3. [21] Suppose that MIX is extended as follows: The I-field of each instruction is to have the form 8I1 + I2, where 0 ≤ I1 < 8, 0 ≤ I2 < 8. In assembly language one writes ‘OP ADDRESS,I1 :I2’ or (as presently) ‘OP ADDRESS,I2’ if I1 = 0. The meaning is to perform first the “address modification” I1 on ADDRESS, then to perform the “address modification” I2 on the resulting address, and finally to perform the OP with the new address. The address modifications are defined as follows:

0: M = A

1: M = A + rI1

2: M = A + rI2

. . .

6: M = A + rI6

7: M = resulting address defined from the ‘ADDRESS,I1 :I2’ fields found in location A. The case I1 = I2 = 7 in location A is not allowed. (The reason for the latter restriction is discussed in exercise 5.)

Here A denotes the address before the operation, and M denotes the resulting address after the address modification. In all cases the result is undefined if the value of M does not fit in two bytes and a sign. The execution time is increased by one unit for each “indirect-addressing” (modification 7) operation performed.

As a nontrivial example, suppose that location 1000 contains ‘NOP 1000,1:7’; location 1001 contains ‘NOP 1000,2’; and index registers 1 and 2 respectively contain 1 and 2. Then the command ‘LDA 1000,7:2’ is equivalent to ‘LDA 1004’, because

1000,7:2 = (1000,1:7),2 = (1001,7),2 = (1000,2),2 = 1002,2 = 1004.

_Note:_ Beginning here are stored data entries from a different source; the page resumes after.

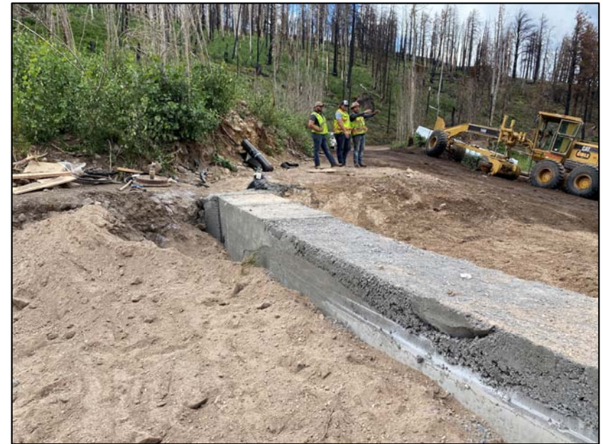
Concrete Encasement – Point I
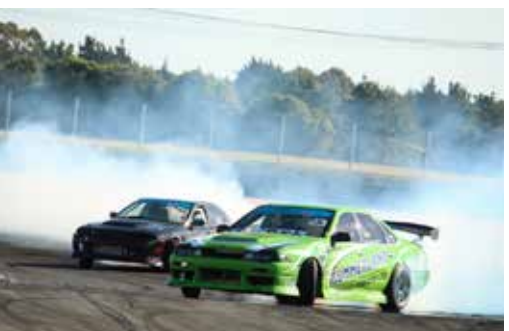
#132 Zac Palmer Vs #23 Glen Pupich
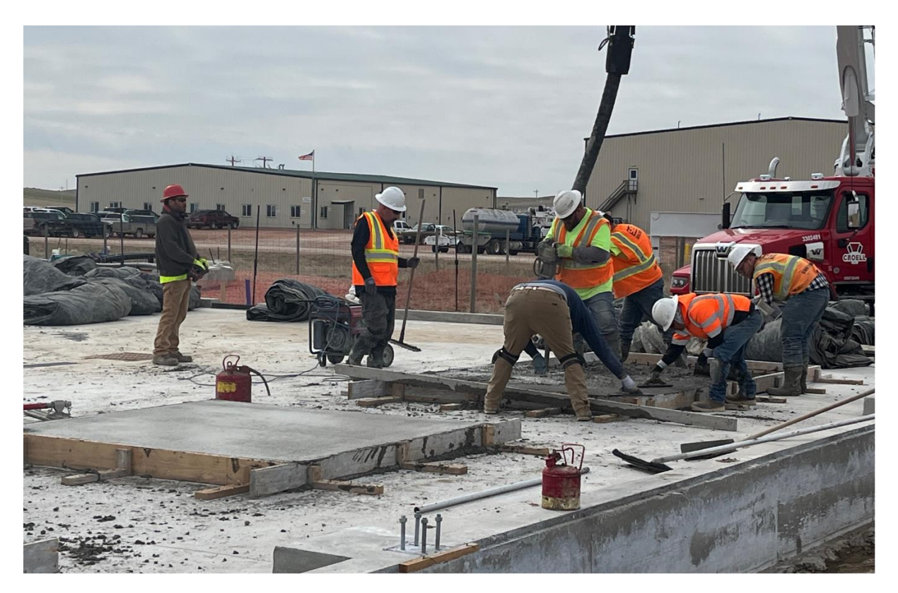
Figure 2: Foundation and tank pedestal concrete work for the filtration plant at Ross CPP
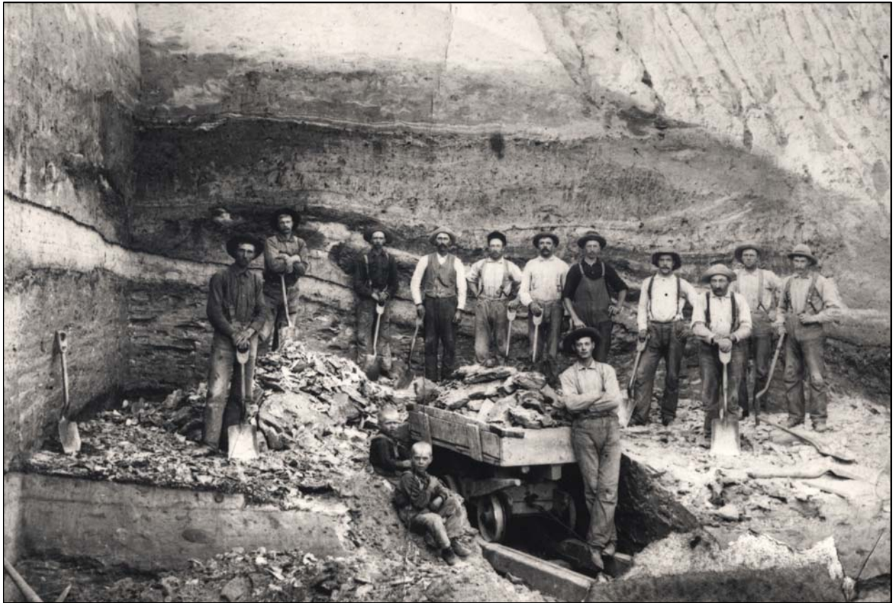
Typical Goodhue County clay pit mining operation, 1880's, Picture courtesy of Goodhue County Historical Society
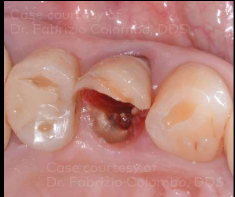
Vertical fracture on 24.
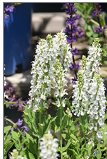
Snow Hill Sage flowers
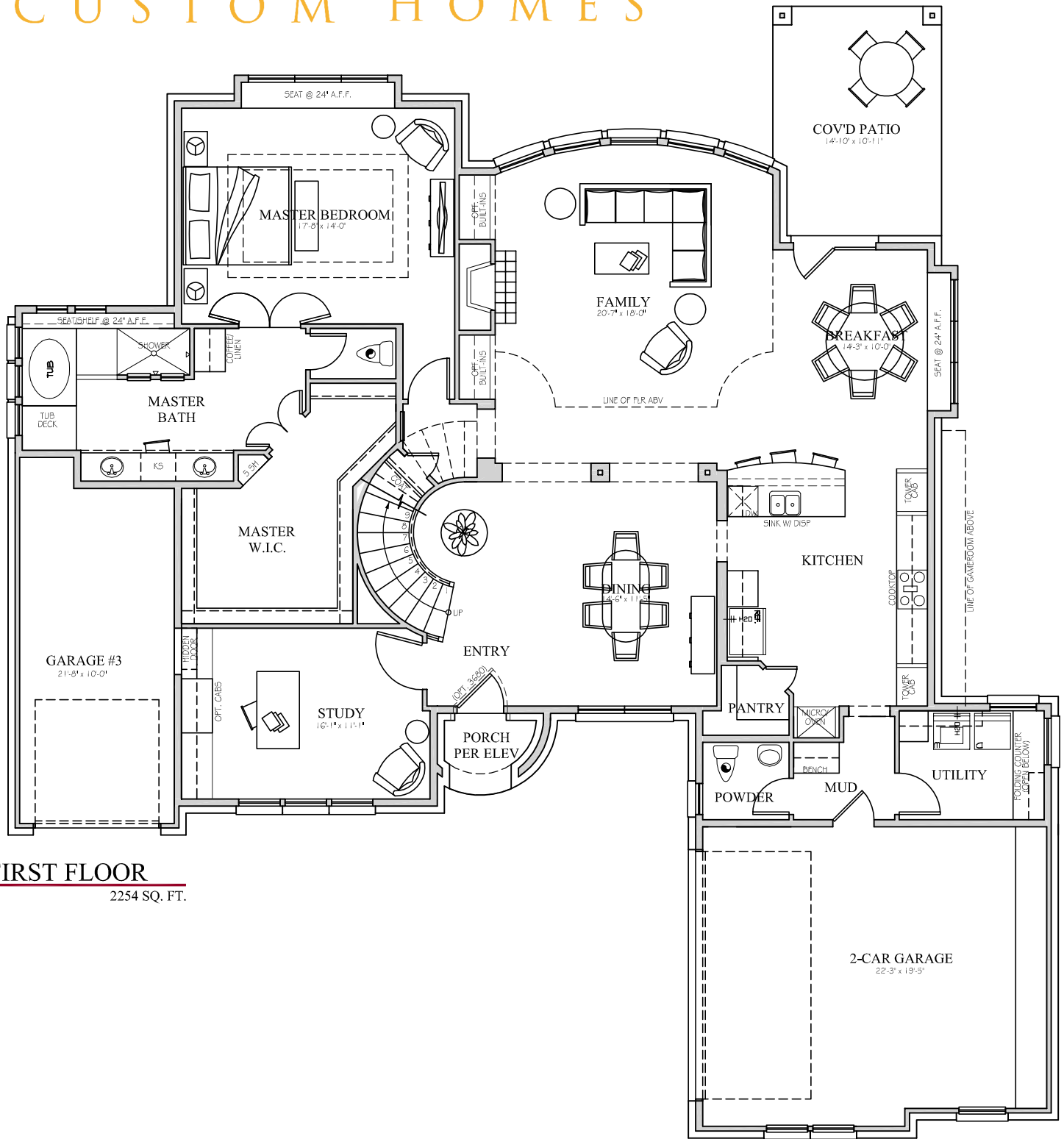
FIRST FLOOR 2254 SQ. FT.

In an effort to provide you with a better home, plans are subject to change & improvement. Measurements are approximate, and vary by elevation.
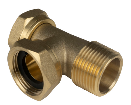
3/4" MIP x 3/4" FIP Swivel<sup>1</sup> x 3/4" FIP Swivel<sup>1</sup>
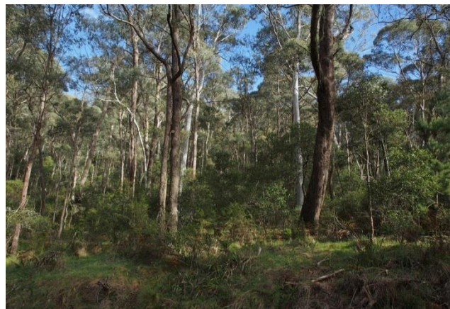
Forest habitat at eastern end of Pheasant Creek FR
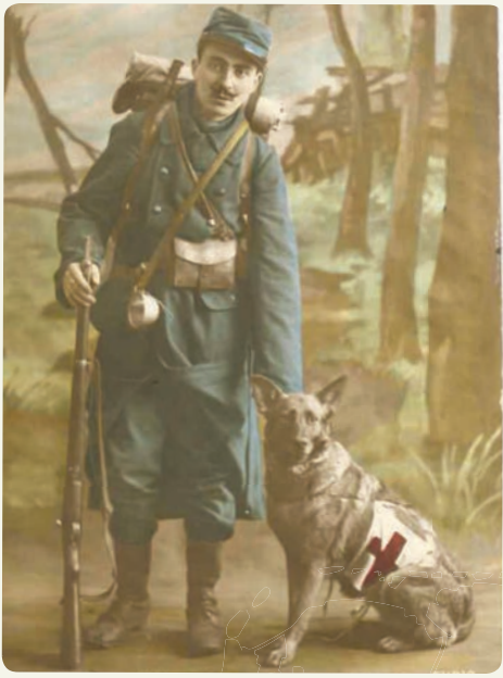
French soldier with a mercy dog

Dogs were amongst the most reliable and hardest workers. They had lots of different roles including: casualty dogs, messengers, sentry dogs, scout dogs and those that laid wires.
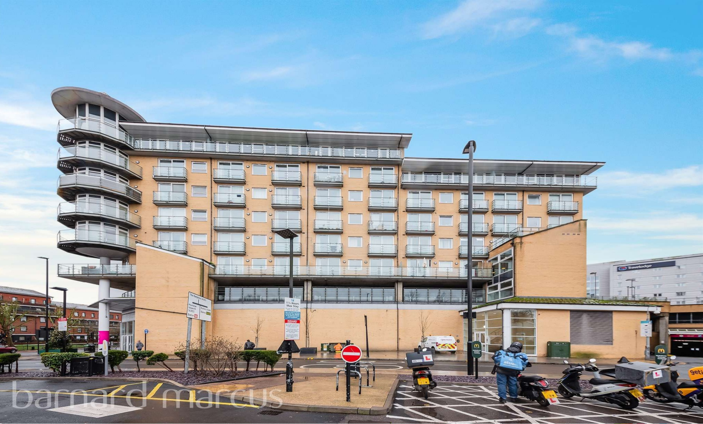
Azalea House Bedfont Lane, Feltham TW13 4GB
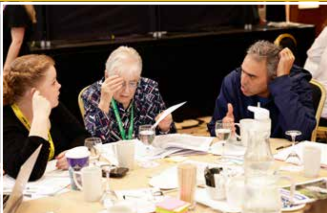
Figure 4.19: Roundtable discussions
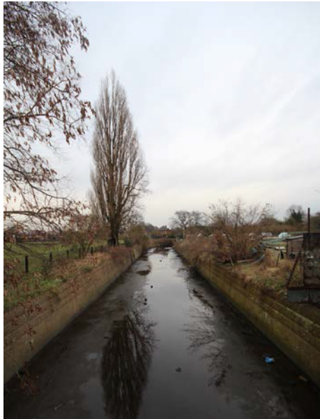
3. VIEW OF THE CANALISED RIVER CRANE SOUTH OF THE PLAYING FIELD SITE.
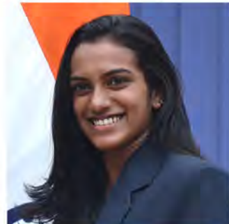
Ms. PV Sindhu - Indian Sports Personality
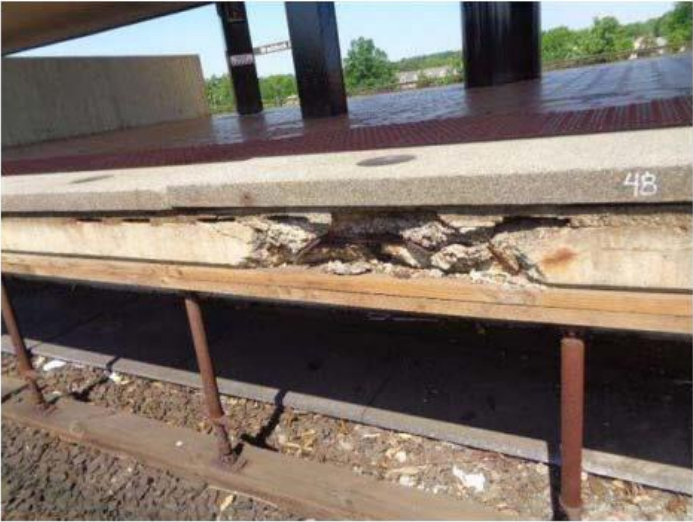
Braddock Road Station
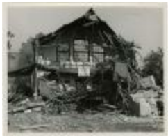
Demolition of Cain Gym (MS 0061-22-12-003)
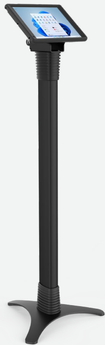
Magnetix Floor Stand
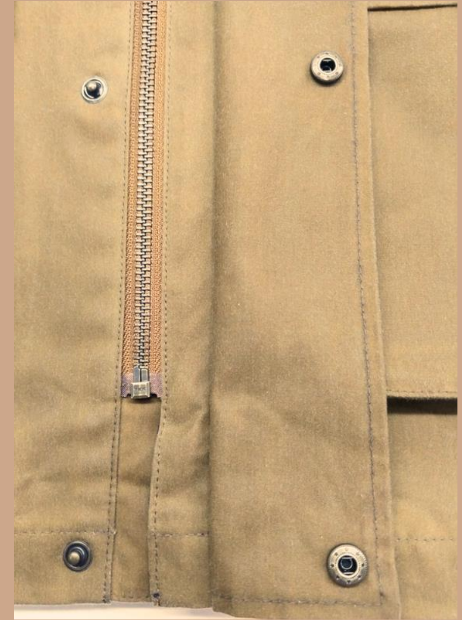
YKK metal zipper w/ snap button
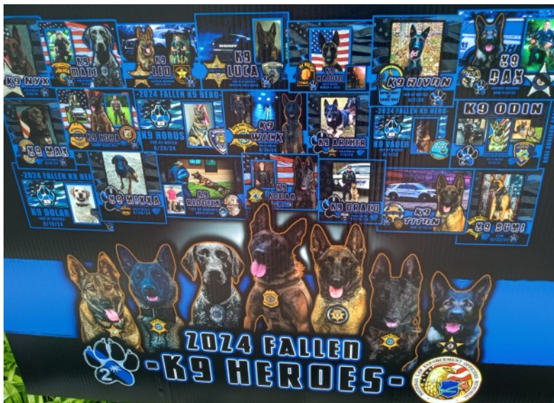
PW 2025 Pics
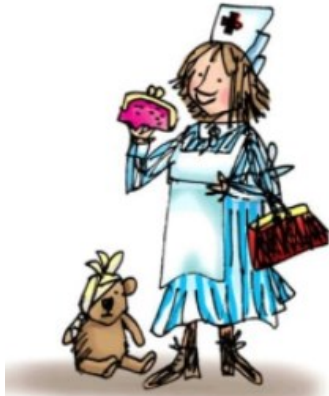
nurse with a purse
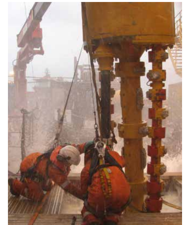
Installation of a subsea junction box

The first phase of the Shah Deniz DEH cables for BP's field in Azerbaijan was delivered in 2014. When in operation the Shah Deniz field will be the world's largest and most complex DEH installation with 10 parallel heated pipelines (over 120 km in total) connected to the platform.
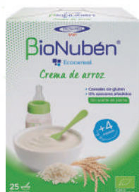
250g C.N: 193931.9

a) Using this indirect addressing feature (if necessary), show how to simplify the coding on the right-hand side of (8) so that two instructions are saved per reference to the table. How much faster is your code than (8)?

b) Suppose there are several tables whose base addresses are stored in locations BASE + 1, BASE + 2, BASE + 3, . . .; how can the indirect addressing feature be used to bring the Ith element of the Jth table into register A in one instruction, assuming that I is in rI1 and J is in rI2?

c) What is the effect of the instruction ‘ENT4 X,7’, assuming that the (3 : 3)-field in location X is zero?

4. [25] Assume that MIX has been extended as in exercise 3. Show how to give a single instruction (plus auxiliary constants) for each of the following actions:

a) To loop indefinitely because indirect addressing never terminates.

b) To bring into register A the value LINK(LINK(x)), where the value of link variable x is stored in the (0:2) field of the location whose symbolic address is X, the value of LINK(x) is stored in the (0 : 2) field of location x, etc., assuming that the (3 : 3) fields in these locations are zero.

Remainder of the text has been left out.